Friday, December 21, 2001

AFTER 9/11, WE'RE ALL RIGHT-WINGERS NOW.
Reader Chad Orzel compares Mind Over What Matters favorably to Andrew Sullivan and Josh Marshall on his links page:
Jay Zilber's weblog: Political blog with a rightward tilt, though not as annoying as Sullivan's, and not as well-written as Marshall's. Also useful as a convenient index of other political blogs I look in on from time to time.

Much as I'm appreciating the compliment of being mentioned in the same breath as Sullivan and Marshall -- even if I'm "not as good" as the latter (what the hey, it's an honor just to be nominated!) -- I'm also forced to come to grips with Chad's description of me as tilting rightward.

Me? Rightward? Yipe. Whatever you do, don't tell my mom -- an unreconstructed Pete Seeger liberal from way back, who once took me on a drive-through tour of the low-rent district in Columbus, Ohio, to make sure I knew that poor black people were living in slums less than three miles from the quiet, white suburban wonderland I called home. Mom had enough of a shock when, at age 12, I announced my preference for Richard Nixon in 1968 because he seemed like a more sympathetic candidate than her guy, Eugene McCarthy. But I digress. (Hi, Mom. Jus' trying to make you proud.)

There is, of course, the temptation to make a doleful observation that "after 9/11, we're all right-wingers now," or that a right-winger is merely a left-leaning moderate who's still sweeping up accumulations of free-floating World Trade Center demolition dust from his office after three months. But I think the personal growth dynamic you're seeing here, in these pages, is that I'm being forced to reconcile a great deal of generally liberal dogma -- with which I still acknowledge some emotional sympathy -- against the grotesquely dishonest manner in which it is so often packaged and delivered.

On issues like gun control, for example -- emotionally, who can argue with the traditionally liberal view that it's Objectively Bad to allow guns to be easily procured by Bad People? But the transformational events of this year have served to lay bare how brazenly some gun control lobbyists put forth patent falsehoods in order to solicit funds -- and when you realize that their livelihood actually depends on maintaining the status quo, so that they may rail against gun ownership in perpetuity, one can't possibly take their arguments seriously. Strict gun control is a perfectly sound, commonsense idea when the only statistics you present are the numbers of tragic, accidental shootings and deranged, suicidal postal workers. But when you take the trouble to think through what gun control would really mean to this country, it's not such a pretty picture either.
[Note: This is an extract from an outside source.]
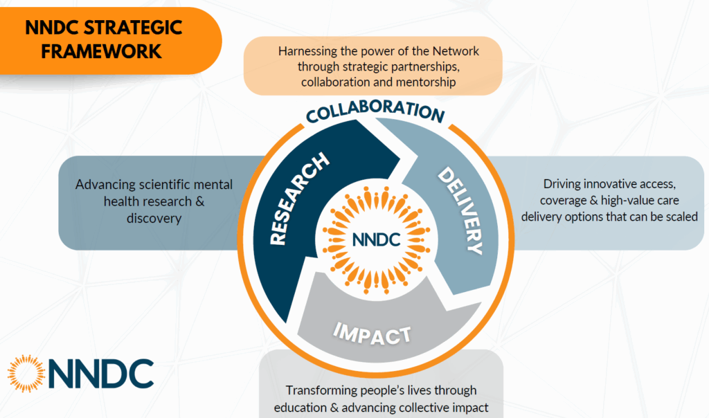 The National Network of Depression Centers (NNDC) collaborates with members to use the power of the network to transform lives through research and innovations in treatment and prevention of depression and bipolar disorders to create a world free of stigma where everyone has access to effective, evidence-based care.

This is not -- never was -- a struggle of liberal and conservative principles. Rather, it is -- always has been -- a war between intellectual honesty and those who would corrupt public policy for their own craven purposes. It is only in that context that one can begin to explain why, for example, someone like Sen. John McCain registered such a strong appeal among registered Democrats (including myself) last year: Not because McCain is a liberal (which he is not), but because one can sense in the man a virtue rare among professional politicians: He appears to be capable of intellectual honesty. One can easily imagine John McCain, in private consultation and contemplation, considering both traditionally liberal and conservative arguments and weighing them fairly against one another, before making consequential policy decisions as President.

(Whereas, who -- even among the rational wing of the conservative punditocracy, like William Kristol and Christopher Caldwell -- seriously believes that George W. Bush ever actually sweated bullets as he rationally determined that stem cell research was moral up until a certain date, and immoral thereafter?)

Now, how I could rationalize voting for Sen. Hillary Clinton -- which I did -- is a whole 'nother story which I'll save for another day. Anyway, thanks, Chad -- not just for the kind words, but for clueing me in to Arts and Letters Daily, which will get a permanent sidebar link on the next revision-go-round.